**REQUIRED ACTION**
Exact transcription, pictures omitted: begin at the top line of the records below and end with the line bearing "with a pair".

DATA FOR THIS TASK section start

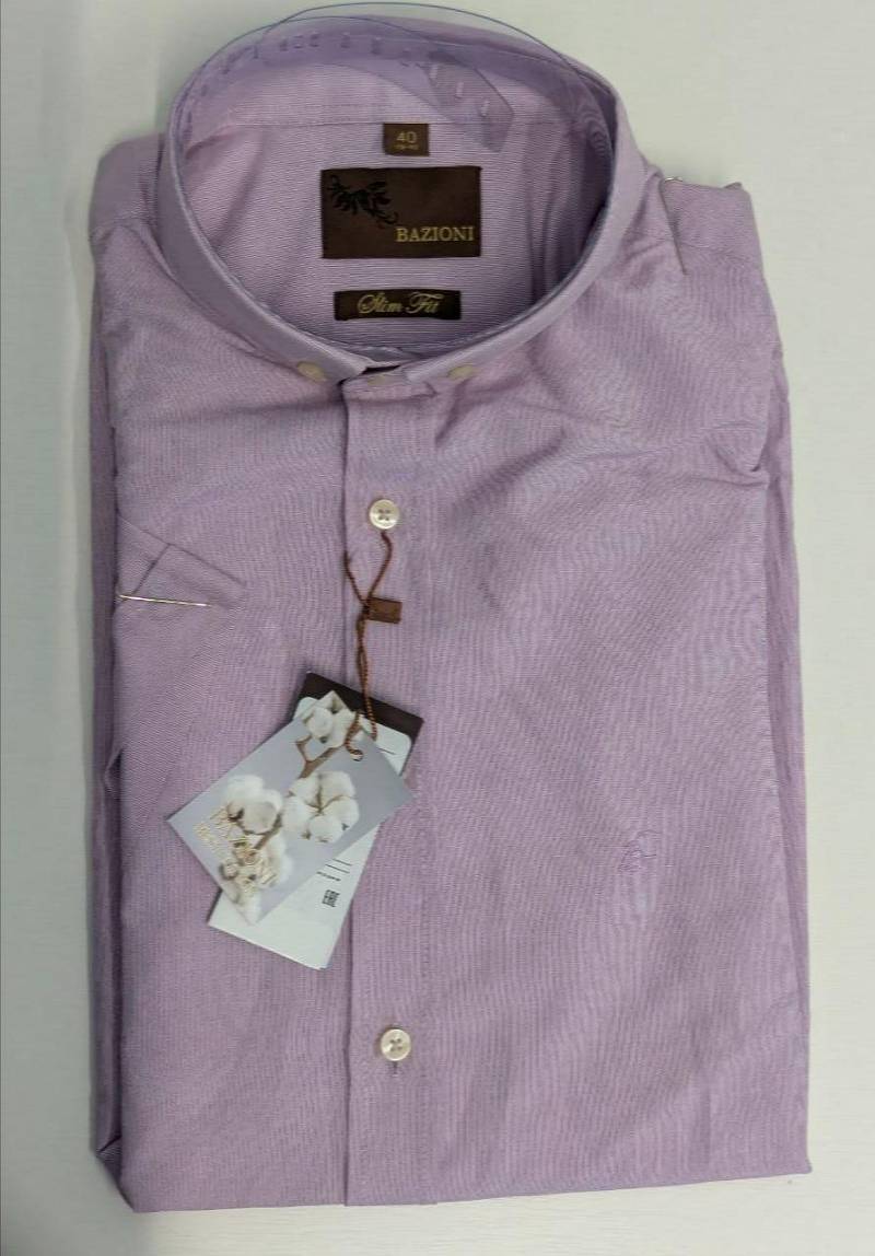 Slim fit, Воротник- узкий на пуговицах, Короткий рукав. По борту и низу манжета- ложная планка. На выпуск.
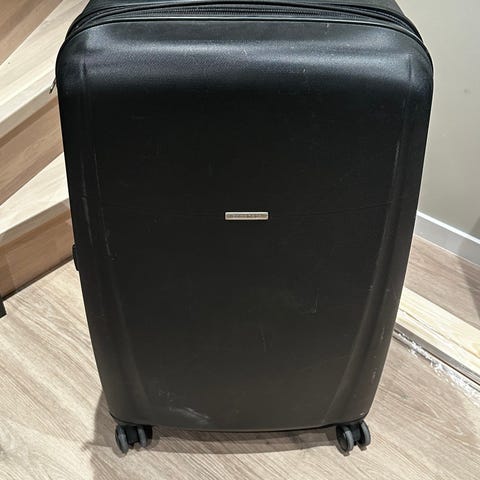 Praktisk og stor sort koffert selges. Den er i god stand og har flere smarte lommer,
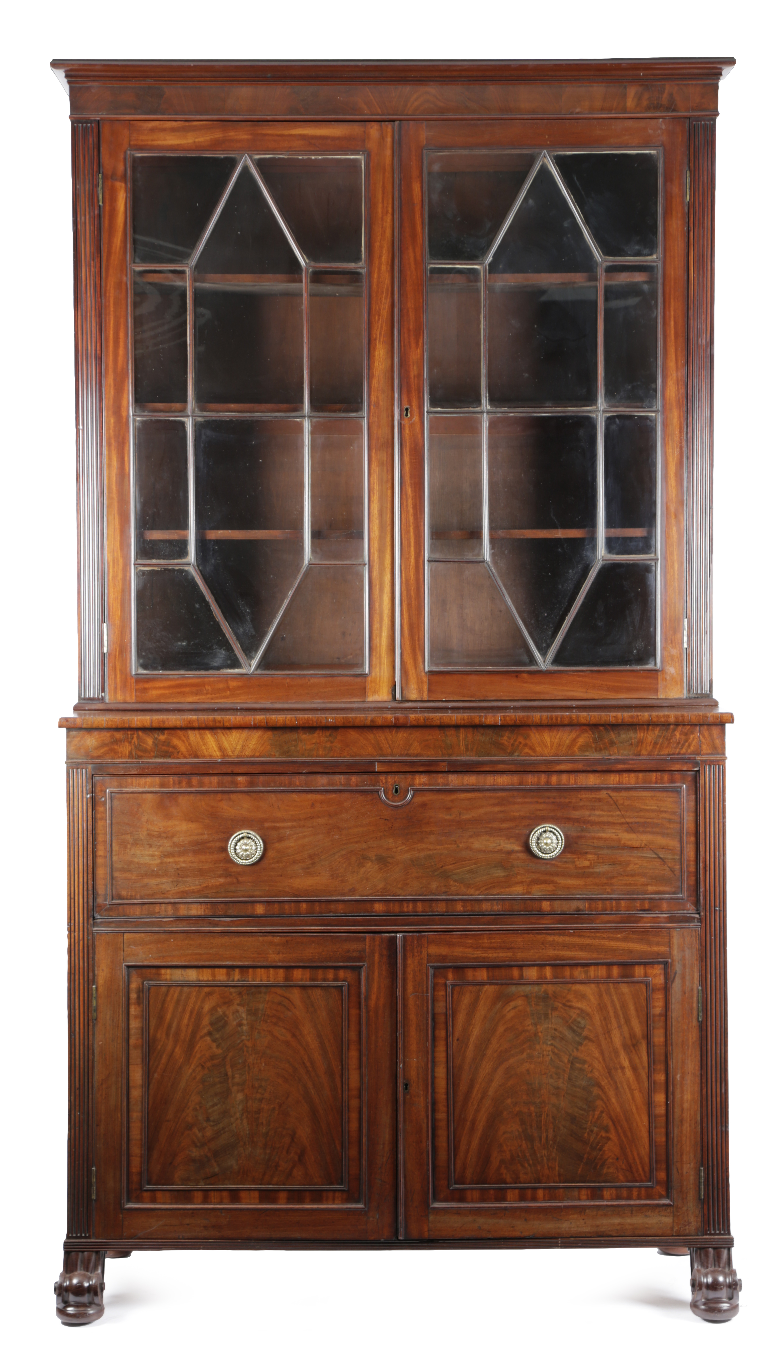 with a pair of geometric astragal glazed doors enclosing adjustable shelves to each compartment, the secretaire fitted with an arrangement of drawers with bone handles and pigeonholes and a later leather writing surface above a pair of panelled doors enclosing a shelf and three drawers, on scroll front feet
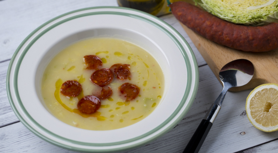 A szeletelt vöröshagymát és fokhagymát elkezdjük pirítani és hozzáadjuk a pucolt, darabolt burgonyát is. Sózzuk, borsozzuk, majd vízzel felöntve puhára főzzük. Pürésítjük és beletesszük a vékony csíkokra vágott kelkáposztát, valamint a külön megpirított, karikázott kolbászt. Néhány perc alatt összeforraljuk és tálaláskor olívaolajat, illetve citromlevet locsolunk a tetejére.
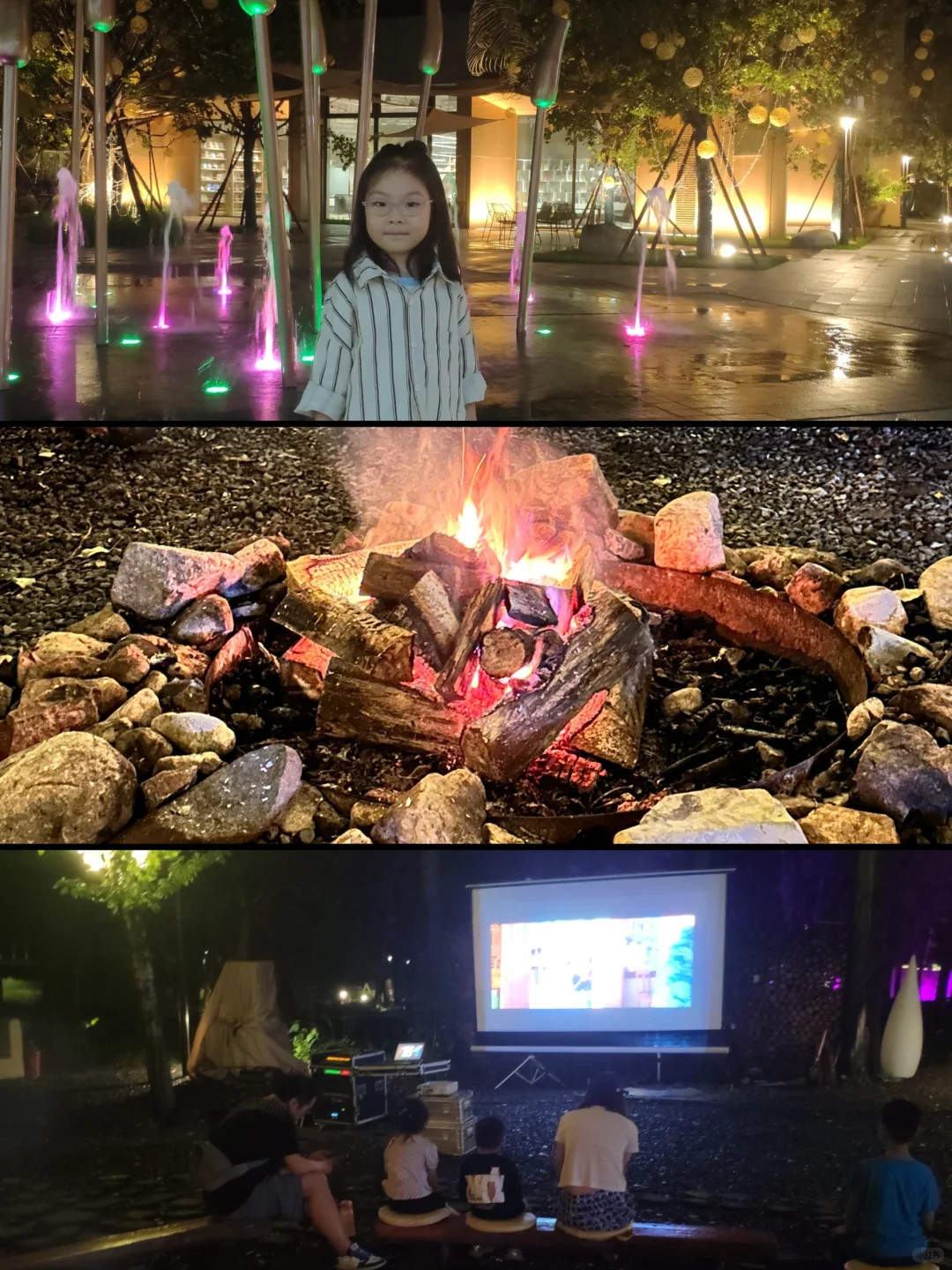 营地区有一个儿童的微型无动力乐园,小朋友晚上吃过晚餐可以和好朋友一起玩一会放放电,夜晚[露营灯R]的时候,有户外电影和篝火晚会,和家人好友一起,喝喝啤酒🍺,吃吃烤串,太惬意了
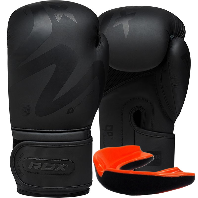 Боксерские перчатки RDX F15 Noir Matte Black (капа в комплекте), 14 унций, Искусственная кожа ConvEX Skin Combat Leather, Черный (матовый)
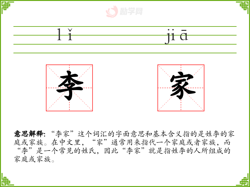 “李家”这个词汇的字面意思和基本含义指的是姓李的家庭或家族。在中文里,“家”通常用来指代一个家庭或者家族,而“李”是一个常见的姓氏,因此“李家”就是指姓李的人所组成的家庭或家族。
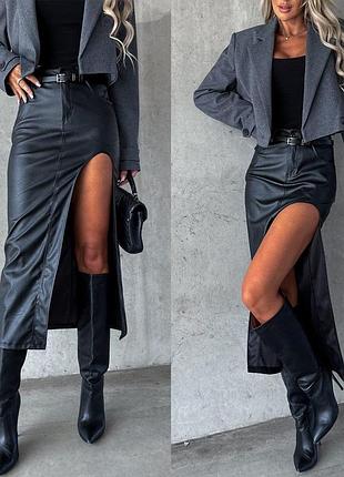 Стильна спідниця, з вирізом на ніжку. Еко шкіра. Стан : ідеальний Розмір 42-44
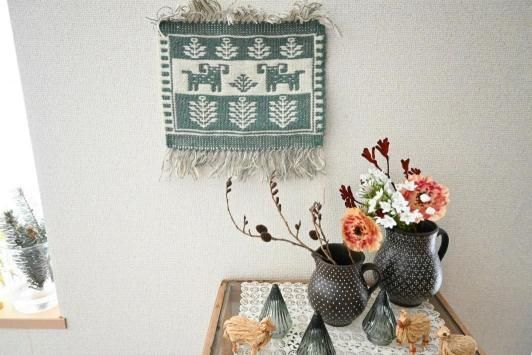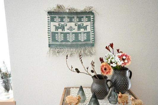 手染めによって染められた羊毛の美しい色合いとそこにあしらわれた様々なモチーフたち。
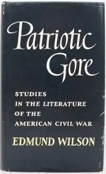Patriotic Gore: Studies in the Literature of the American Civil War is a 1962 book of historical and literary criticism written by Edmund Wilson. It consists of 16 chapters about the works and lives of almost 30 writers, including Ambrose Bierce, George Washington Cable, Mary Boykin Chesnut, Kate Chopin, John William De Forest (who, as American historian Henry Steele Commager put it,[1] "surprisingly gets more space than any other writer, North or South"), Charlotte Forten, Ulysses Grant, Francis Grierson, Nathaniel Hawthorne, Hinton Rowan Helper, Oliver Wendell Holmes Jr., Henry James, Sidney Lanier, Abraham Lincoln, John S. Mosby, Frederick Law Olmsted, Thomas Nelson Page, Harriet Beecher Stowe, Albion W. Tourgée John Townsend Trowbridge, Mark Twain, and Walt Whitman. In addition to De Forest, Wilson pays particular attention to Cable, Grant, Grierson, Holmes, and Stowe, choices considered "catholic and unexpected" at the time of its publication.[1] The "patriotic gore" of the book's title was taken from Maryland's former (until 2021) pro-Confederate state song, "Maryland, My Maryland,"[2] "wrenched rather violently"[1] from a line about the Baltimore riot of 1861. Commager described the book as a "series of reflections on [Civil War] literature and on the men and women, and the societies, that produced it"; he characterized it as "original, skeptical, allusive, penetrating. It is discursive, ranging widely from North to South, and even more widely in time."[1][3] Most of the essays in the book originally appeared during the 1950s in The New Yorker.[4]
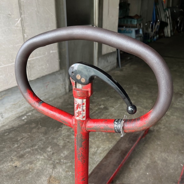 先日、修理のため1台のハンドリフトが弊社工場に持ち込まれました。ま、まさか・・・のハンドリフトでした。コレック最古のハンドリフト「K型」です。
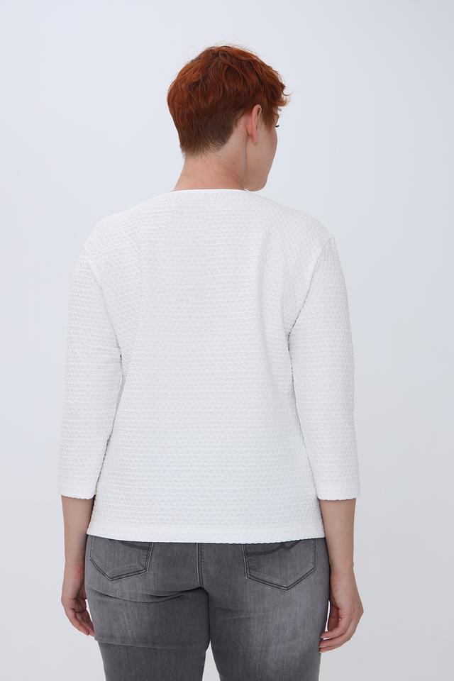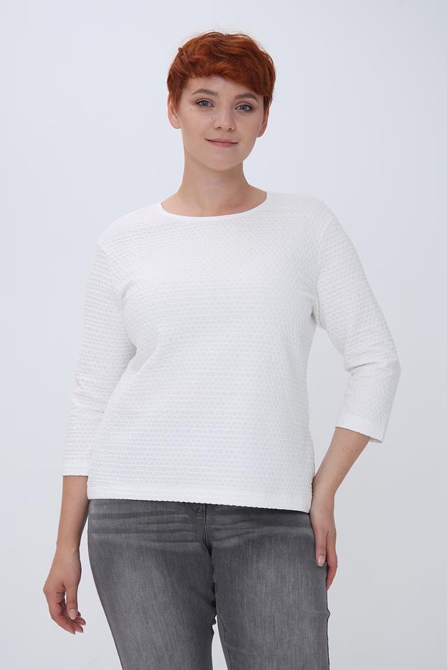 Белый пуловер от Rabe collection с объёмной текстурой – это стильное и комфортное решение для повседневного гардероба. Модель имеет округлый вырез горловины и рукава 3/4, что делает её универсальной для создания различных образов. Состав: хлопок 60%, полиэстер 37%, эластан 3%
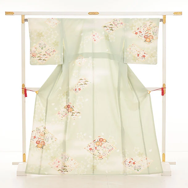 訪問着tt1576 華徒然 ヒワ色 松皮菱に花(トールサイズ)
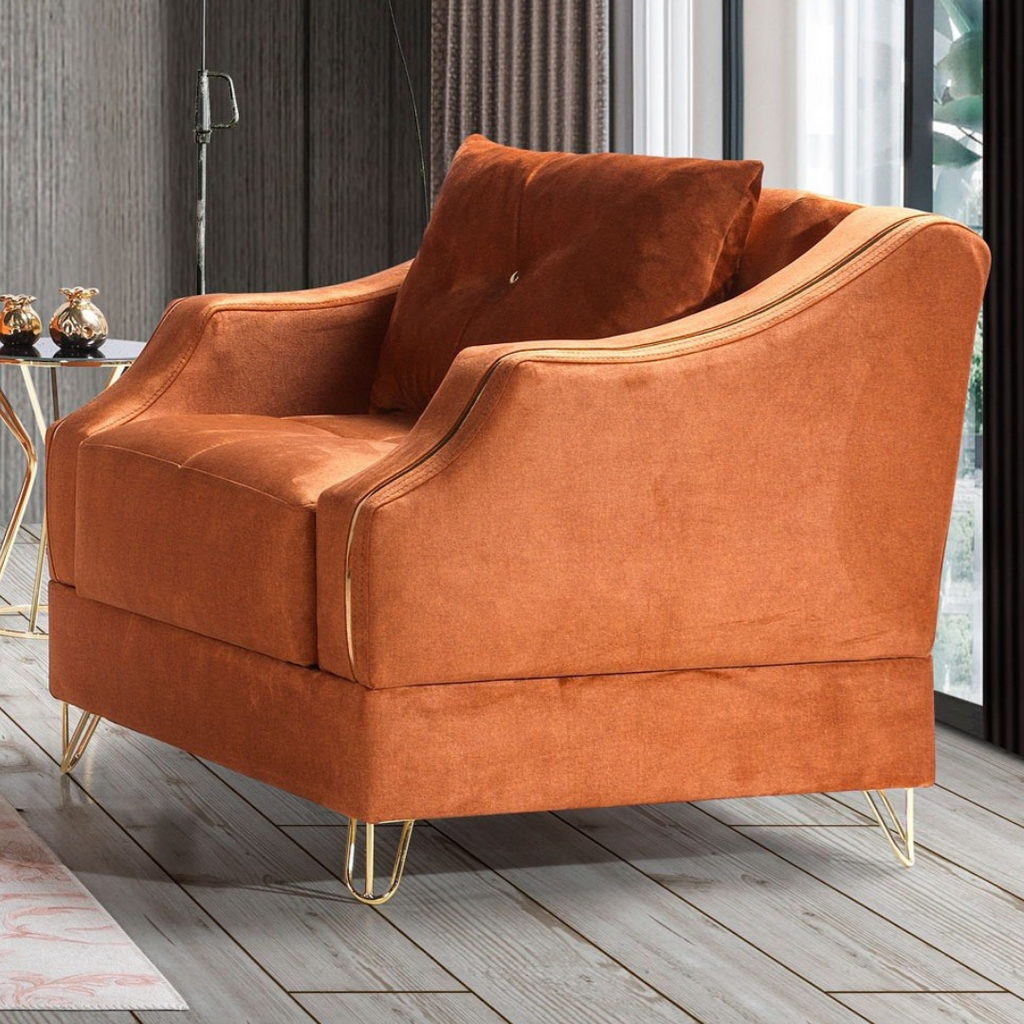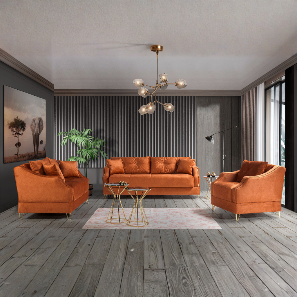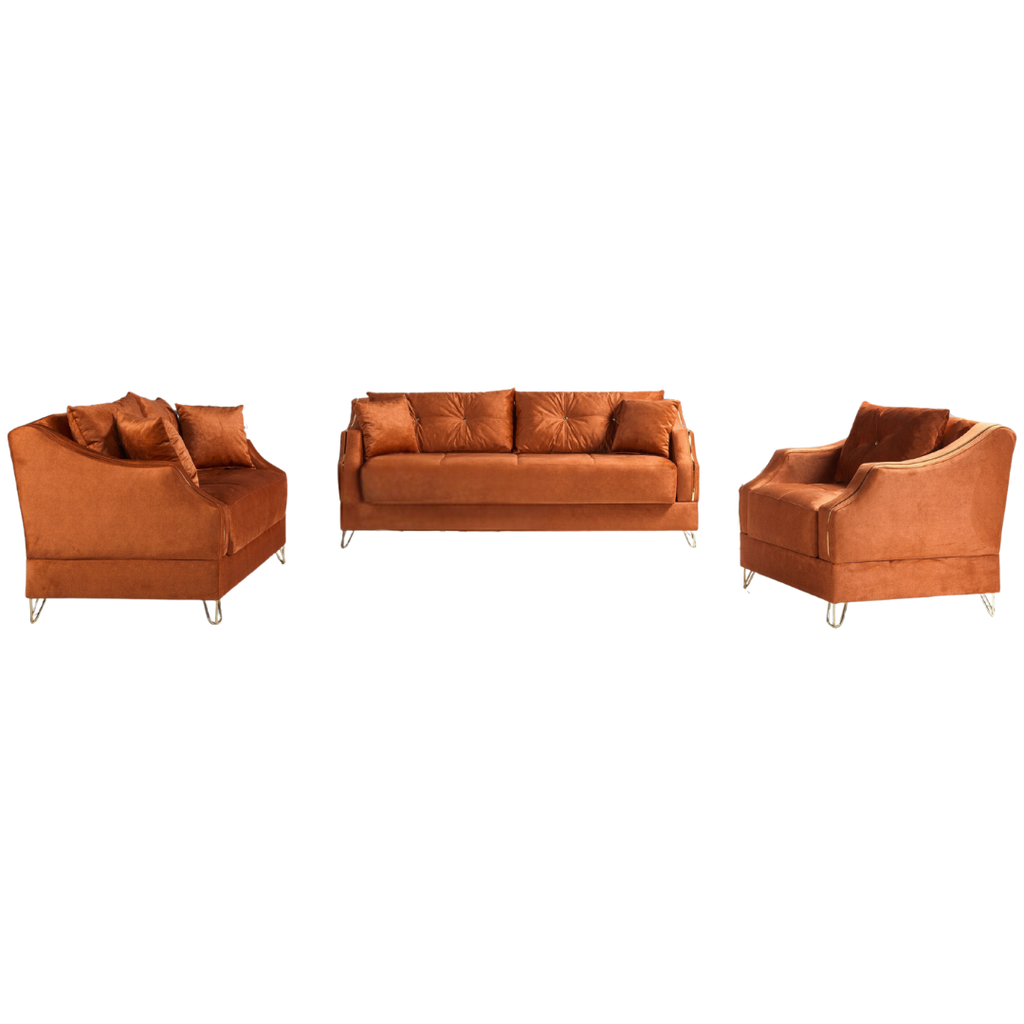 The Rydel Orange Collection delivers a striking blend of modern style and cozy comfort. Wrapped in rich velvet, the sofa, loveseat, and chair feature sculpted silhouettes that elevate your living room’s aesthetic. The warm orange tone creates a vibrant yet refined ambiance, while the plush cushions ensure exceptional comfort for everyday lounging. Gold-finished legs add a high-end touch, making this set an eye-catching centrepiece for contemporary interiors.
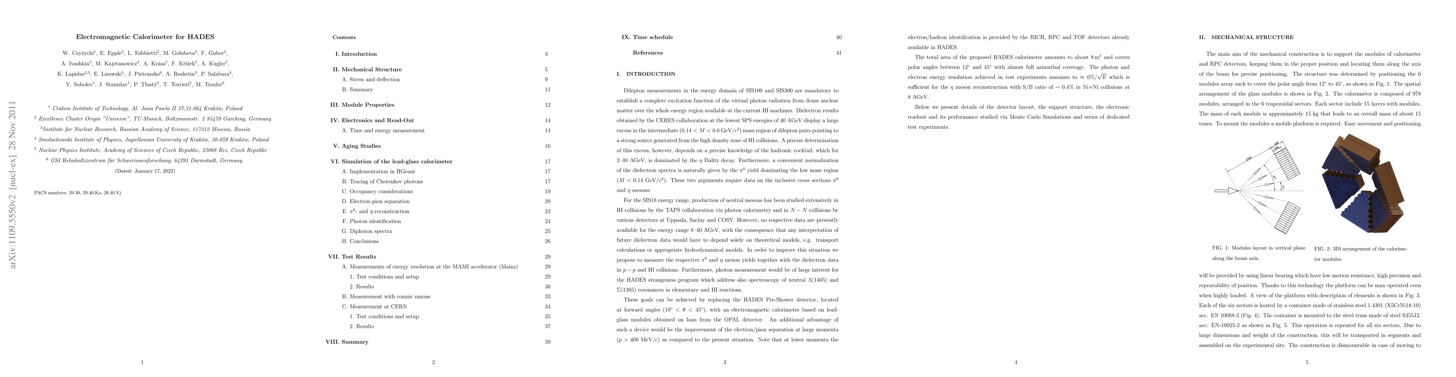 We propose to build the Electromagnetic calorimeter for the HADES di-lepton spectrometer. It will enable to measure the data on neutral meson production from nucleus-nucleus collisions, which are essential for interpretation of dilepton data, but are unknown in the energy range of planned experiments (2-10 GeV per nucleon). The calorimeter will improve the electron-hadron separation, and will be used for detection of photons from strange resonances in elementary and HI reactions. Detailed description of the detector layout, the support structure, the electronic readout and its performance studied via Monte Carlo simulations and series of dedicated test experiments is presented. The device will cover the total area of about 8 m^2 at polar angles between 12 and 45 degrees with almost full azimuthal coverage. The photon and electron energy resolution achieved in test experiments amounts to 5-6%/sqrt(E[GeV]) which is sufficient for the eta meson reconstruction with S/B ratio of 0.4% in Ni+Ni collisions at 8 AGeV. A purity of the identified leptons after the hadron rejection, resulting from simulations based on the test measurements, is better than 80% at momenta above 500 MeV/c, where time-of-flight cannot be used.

DATA FOR THIS TASK section end

**REPLY TO THE EXERCISE**
 Slim fit, Воротник- узкий на пуговицах, Короткий рукав. По борту и низу манжета- ложная планка. На выпуск.
 Praktisk og stor sort koffert selges. Den er i god stand og har flere smarte lommer,
 with a pair of geometric astragal glazed doors enclosing adjustable shelves to each compartment, the secretaire fitted with an arrangement of drawers with bone handles and pigeonholes and a later leather writing surface above a pair of panelled doors enclosing a shelf and three drawers, on scroll front feet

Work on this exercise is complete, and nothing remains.